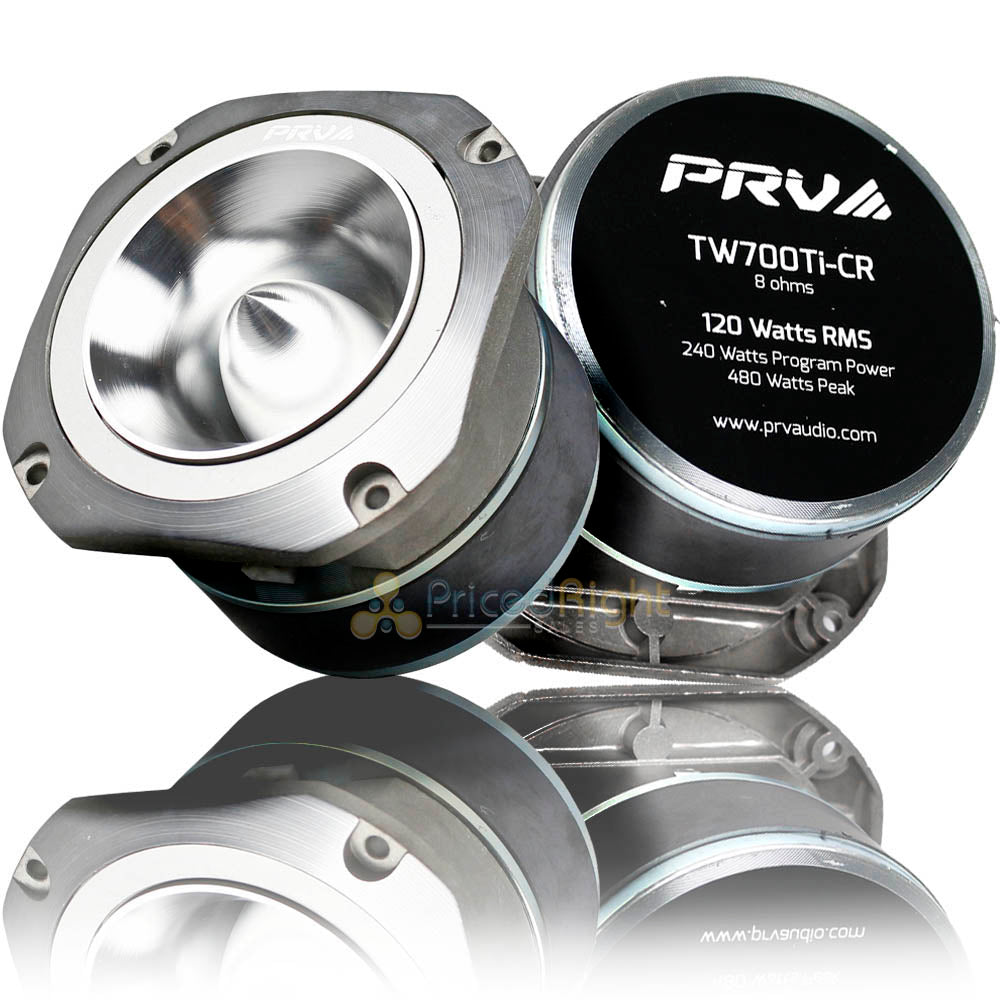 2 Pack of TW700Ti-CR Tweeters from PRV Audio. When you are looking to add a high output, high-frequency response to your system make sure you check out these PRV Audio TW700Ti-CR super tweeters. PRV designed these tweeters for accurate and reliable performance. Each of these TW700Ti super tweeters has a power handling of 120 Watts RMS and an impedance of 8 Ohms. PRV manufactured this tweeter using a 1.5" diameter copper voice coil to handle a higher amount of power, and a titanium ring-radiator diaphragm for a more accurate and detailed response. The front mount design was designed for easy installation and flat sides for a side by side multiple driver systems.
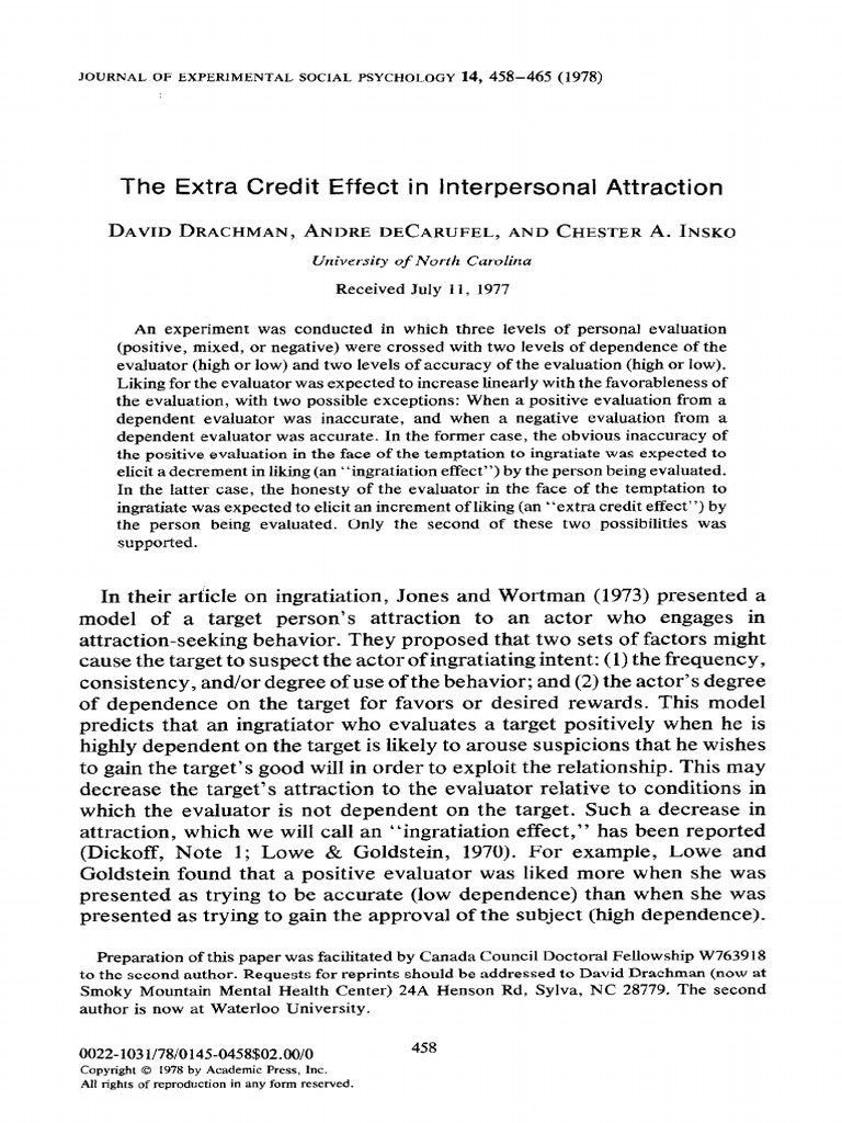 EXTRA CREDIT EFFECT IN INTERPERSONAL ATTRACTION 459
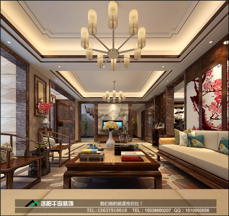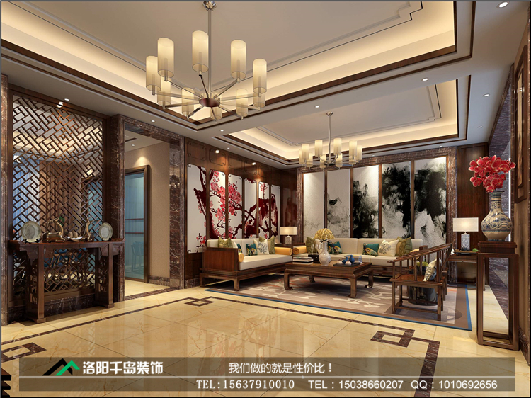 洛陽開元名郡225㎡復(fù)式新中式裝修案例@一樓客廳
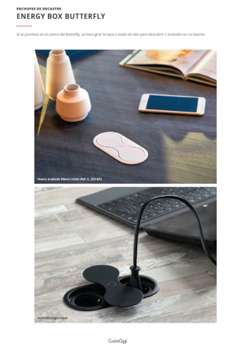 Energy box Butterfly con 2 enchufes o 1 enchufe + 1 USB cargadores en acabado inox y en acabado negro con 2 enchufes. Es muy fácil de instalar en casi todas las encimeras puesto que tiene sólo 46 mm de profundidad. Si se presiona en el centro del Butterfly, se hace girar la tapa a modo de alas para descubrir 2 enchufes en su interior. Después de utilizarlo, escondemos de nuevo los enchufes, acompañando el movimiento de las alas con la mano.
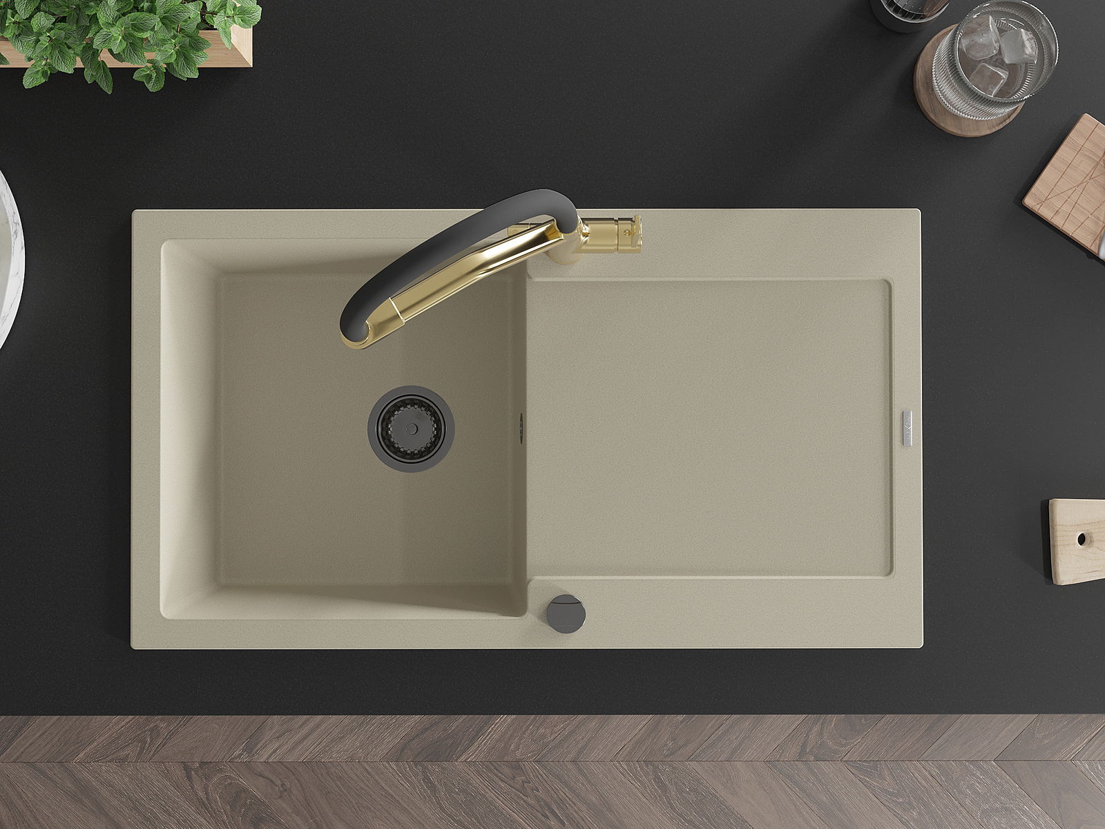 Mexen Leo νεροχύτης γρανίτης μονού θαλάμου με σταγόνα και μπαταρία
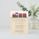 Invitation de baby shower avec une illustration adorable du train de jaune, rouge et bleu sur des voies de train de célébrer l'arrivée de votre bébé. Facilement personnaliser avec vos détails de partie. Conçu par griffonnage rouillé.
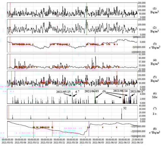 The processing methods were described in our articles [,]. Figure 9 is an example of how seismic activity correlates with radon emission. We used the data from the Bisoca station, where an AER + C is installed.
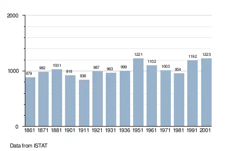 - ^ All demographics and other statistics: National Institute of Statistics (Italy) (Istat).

·····

Exercise aim: Pictures are to be excluded; all other material must be transcribed exactly.

Solution to this task:
 2 Pack of TW700Ti-CR Tweeters from PRV Audio. When you are looking to add a high output, high-frequency response to your system make sure you check out these PRV Audio TW700Ti-CR super tweeters. PRV designed these tweeters for accurate and reliable performance. Each of these TW700Ti super tweeters has a power handling of 120 Watts RMS and an impedance of 8 Ohms. PRV manufactured this tweeter using a 1.5" diameter copper voice coil to handle a higher amount of power, and a titanium ring-radiator diaphragm for a more accurate and detailed response. The front mount design was designed for easy installation and flat sides for a side by side multiple driver systems.
 EXTRA CREDIT EFFECT IN INTERPERSONAL ATTRACTION 459
 洛陽開元名郡225㎡復(fù)式新中式裝修案例@一樓客廳
 Energy box Butterfly con 2 enchufes o 1 enchufe + 1 USB cargadores en acabado inox y en acabado negro con 2 enchufes. Es muy fácil de instalar en casi todas las encimeras puesto que tiene sólo 46 mm de profundidad. Si se presiona en el centro del Butterfly, se hace girar la tapa a modo de alas para descubrir 2 enchufes en su interior. Después de utilizarlo, escondemos de nuevo los enchufes, acompañando el movimiento de las alas con la mano.
 Mexen Leo νεροχύτης γρανίτης μονού θαλάμου με σταγόνα και μπαταρία
 Invitation de baby shower avec une illustration adorable du train de jaune, rouge et bleu sur des voies de train de célébrer l'arrivée de votre bébé. Facilement personnaliser avec vos détails de partie. Conçu par griffonnage rouillé.
 The processing methods were described in our articles [,]. Figure 9 is an example of how seismic activity correlates with radon emission. We used the data from the Bisoca station, where an AER + C is installed.
 - ^ All demographics and other statistics: National Institute of Statistics (Italy) (Istat).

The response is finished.